Assignment:
Repeat the data that follows exactly, starting at the line with "Good coastal plant" and ending at the line with "La lampe torche", and leave out every picture.

Supplied entries:
*** Begin section ***

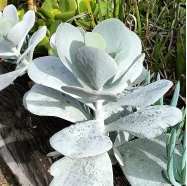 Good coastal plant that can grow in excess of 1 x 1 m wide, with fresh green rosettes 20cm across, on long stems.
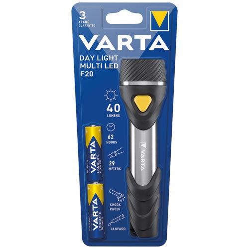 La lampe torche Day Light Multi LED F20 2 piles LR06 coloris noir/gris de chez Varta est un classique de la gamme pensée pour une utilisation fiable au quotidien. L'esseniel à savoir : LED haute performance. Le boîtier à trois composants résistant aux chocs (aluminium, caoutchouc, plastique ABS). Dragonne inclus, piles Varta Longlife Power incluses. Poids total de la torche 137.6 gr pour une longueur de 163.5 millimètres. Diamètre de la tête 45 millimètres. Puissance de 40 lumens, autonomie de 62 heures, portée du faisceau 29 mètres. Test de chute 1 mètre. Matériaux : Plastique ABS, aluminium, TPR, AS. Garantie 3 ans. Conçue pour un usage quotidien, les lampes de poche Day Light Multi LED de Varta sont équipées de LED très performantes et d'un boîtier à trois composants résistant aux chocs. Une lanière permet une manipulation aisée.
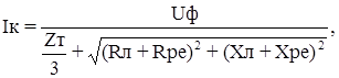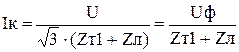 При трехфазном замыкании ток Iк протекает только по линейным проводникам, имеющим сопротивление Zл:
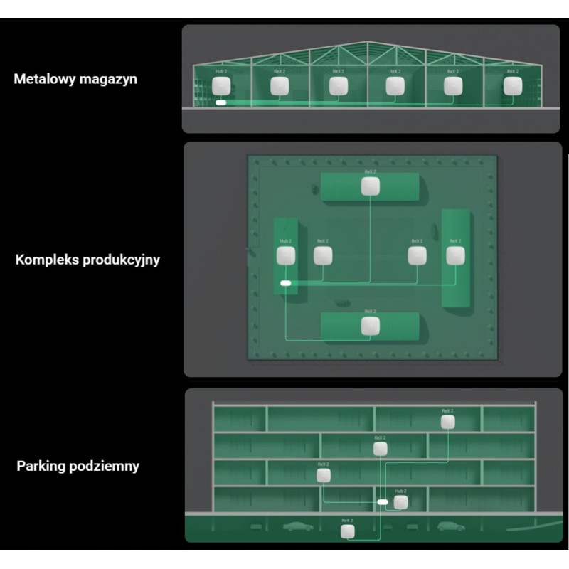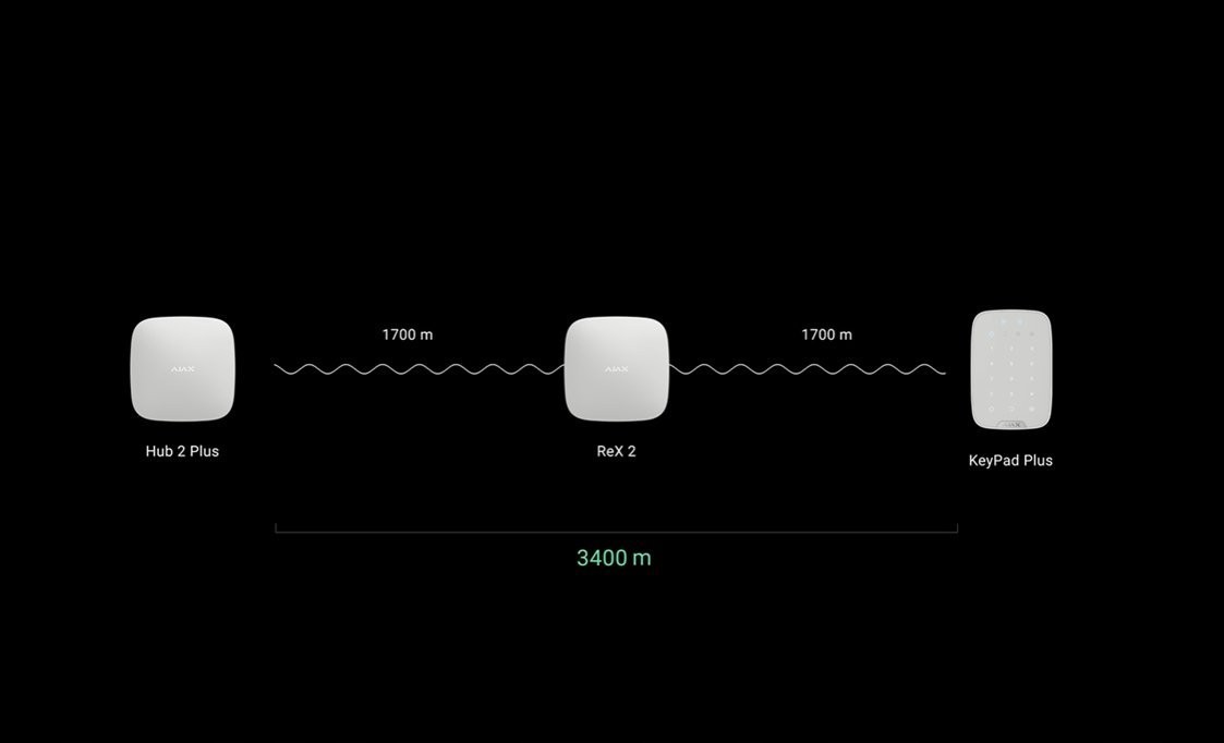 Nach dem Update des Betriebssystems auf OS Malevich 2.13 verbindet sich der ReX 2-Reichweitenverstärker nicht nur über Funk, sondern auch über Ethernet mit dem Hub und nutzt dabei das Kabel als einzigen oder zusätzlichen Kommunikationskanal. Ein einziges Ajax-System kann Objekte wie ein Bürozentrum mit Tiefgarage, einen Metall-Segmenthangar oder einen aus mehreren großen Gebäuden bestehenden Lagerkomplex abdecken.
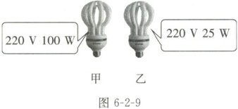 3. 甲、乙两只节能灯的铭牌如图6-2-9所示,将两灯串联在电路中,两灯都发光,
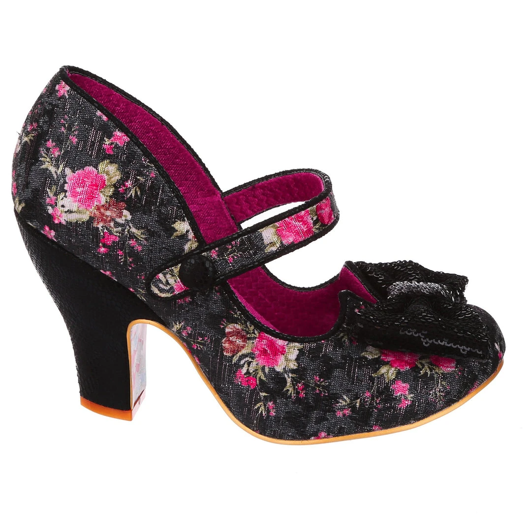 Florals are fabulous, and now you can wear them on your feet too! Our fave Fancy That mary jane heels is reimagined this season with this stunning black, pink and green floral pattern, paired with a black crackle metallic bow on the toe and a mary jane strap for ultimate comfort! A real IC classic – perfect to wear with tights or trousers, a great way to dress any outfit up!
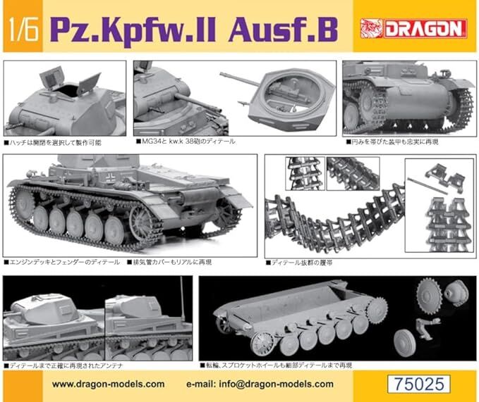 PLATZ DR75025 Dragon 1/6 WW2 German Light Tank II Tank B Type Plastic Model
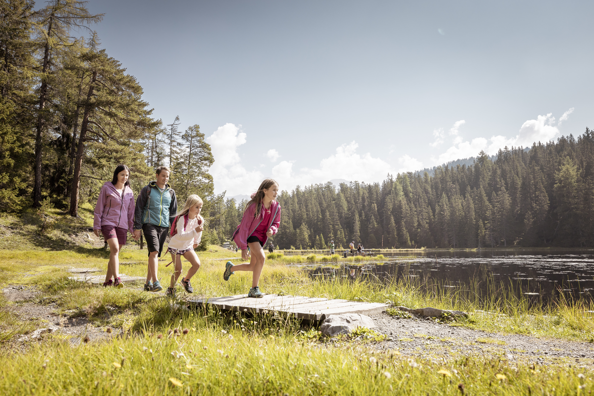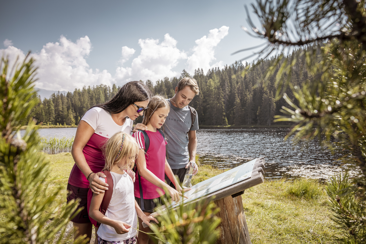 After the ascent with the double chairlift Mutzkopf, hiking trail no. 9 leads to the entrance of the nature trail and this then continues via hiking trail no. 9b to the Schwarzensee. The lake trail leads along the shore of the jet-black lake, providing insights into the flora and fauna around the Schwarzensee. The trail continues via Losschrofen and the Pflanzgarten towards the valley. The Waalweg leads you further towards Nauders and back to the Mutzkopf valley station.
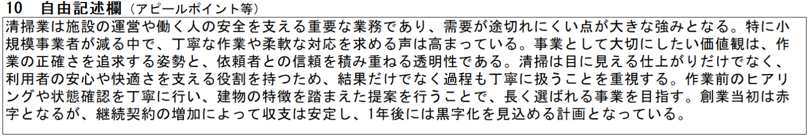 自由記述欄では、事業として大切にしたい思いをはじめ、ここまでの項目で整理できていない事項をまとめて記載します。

*** End section ***
*** Begin section ***

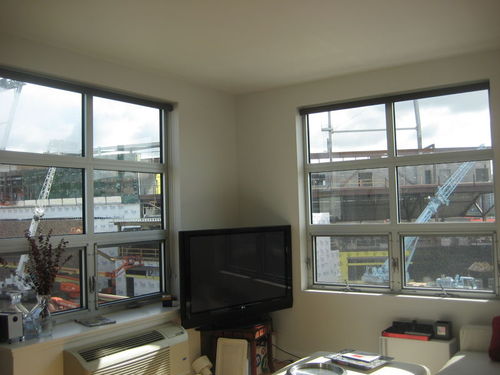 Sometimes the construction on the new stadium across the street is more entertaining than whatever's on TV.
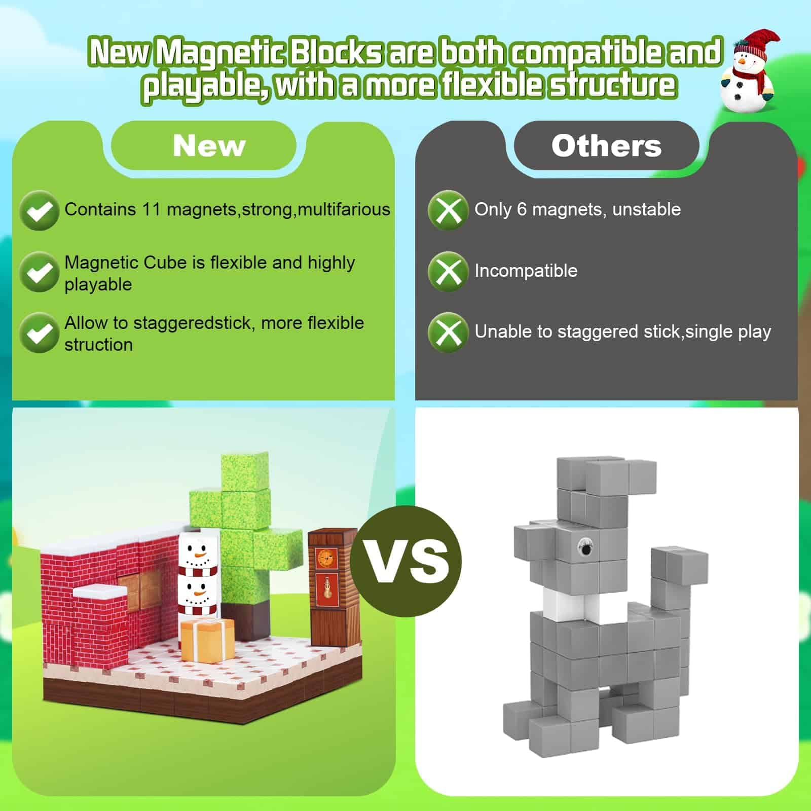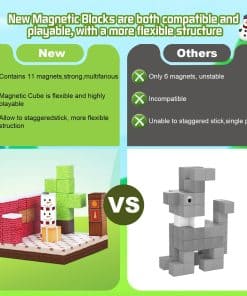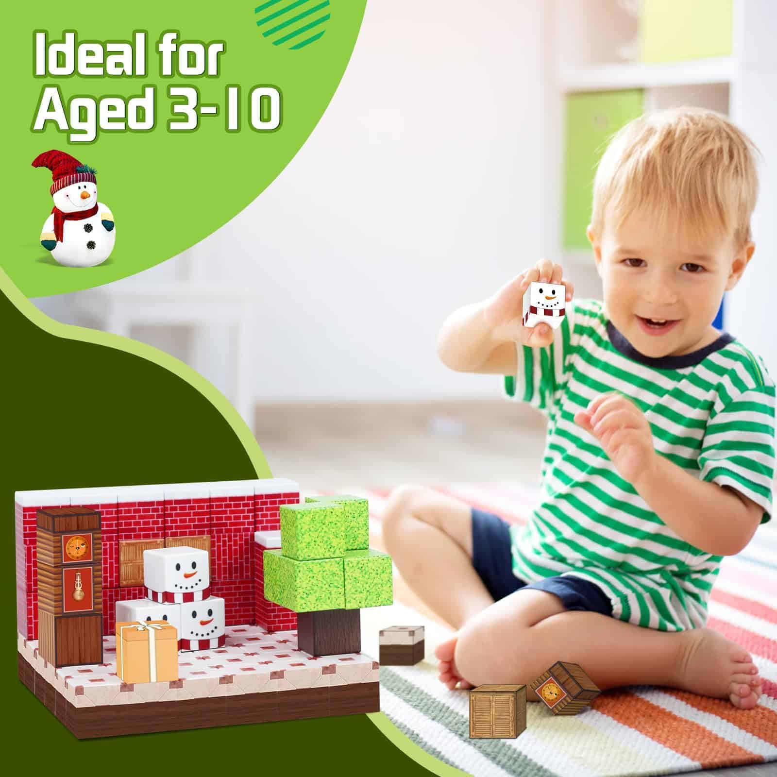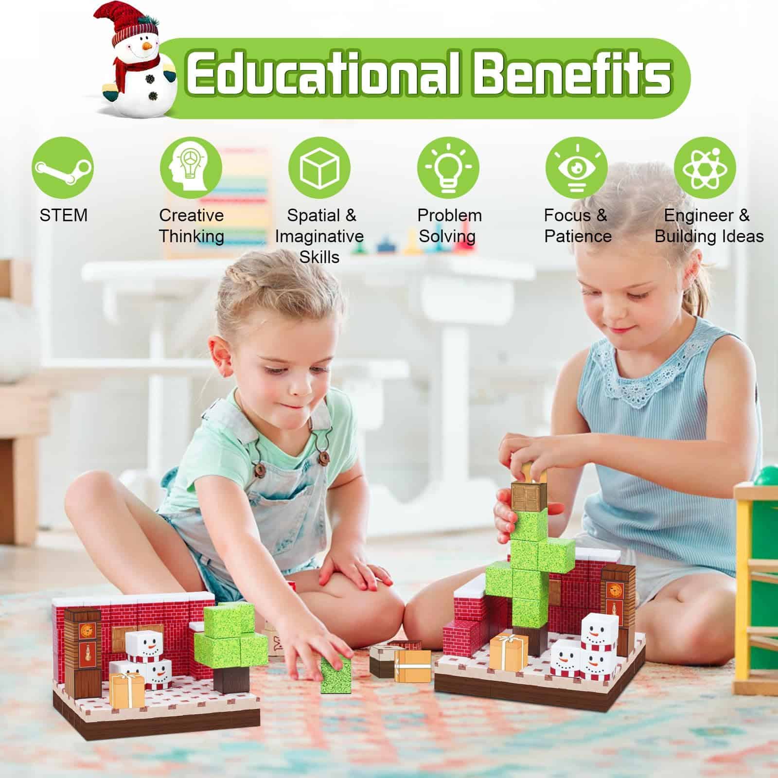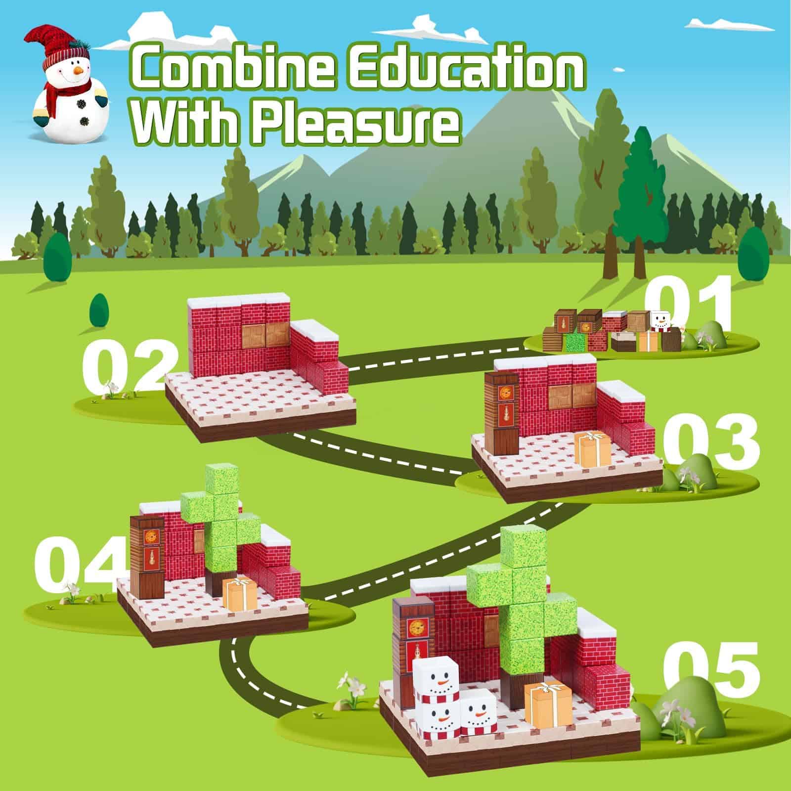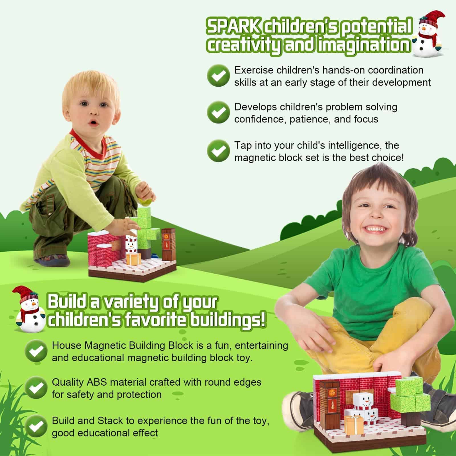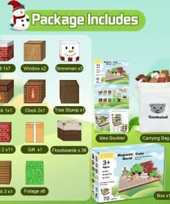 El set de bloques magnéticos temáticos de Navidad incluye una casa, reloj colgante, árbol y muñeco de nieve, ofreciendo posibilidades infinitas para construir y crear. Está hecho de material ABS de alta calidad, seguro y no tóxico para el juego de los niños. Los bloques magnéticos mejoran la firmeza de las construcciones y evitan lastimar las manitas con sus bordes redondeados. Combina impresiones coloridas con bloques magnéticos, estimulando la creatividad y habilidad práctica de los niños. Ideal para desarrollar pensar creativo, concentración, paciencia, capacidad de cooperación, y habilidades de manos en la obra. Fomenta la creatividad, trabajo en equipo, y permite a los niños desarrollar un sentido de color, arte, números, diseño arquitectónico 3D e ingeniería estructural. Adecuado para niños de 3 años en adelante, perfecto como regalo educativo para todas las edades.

*** End section ***

Solution to this task:
 Good coastal plant that can grow in excess of 1 x 1 m wide, with fresh green rosettes 20cm across, on long stems.
 La lampe torche Day Light Multi LED F20 2 piles LR06 coloris noir/gris de chez Varta est un classique de la gamme pensée pour une utilisation fiable au quotidien. L'esseniel à savoir : LED haute performance. Le boîtier à trois composants résistant aux chocs (aluminium, caoutchouc, plastique ABS). Dragonne inclus, piles Varta Longlife Power incluses. Poids total de la torche 137.6 gr pour une longueur de 163.5 millimètres. Diamètre de la tête 45 millimètres. Puissance de 40 lumens, autonomie de 62 heures, portée du faisceau 29 mètres. Test de chute 1 mètre. Matériaux : Plastique ABS, aluminium, TPR, AS. Garantie 3 ans. Conçue pour un usage quotidien, les lampes de poche Day Light Multi LED de Varta sont équipées de LED très performantes et d'un boîtier à trois composants résistant aux chocs. Une lanière permet une manipulation aisée.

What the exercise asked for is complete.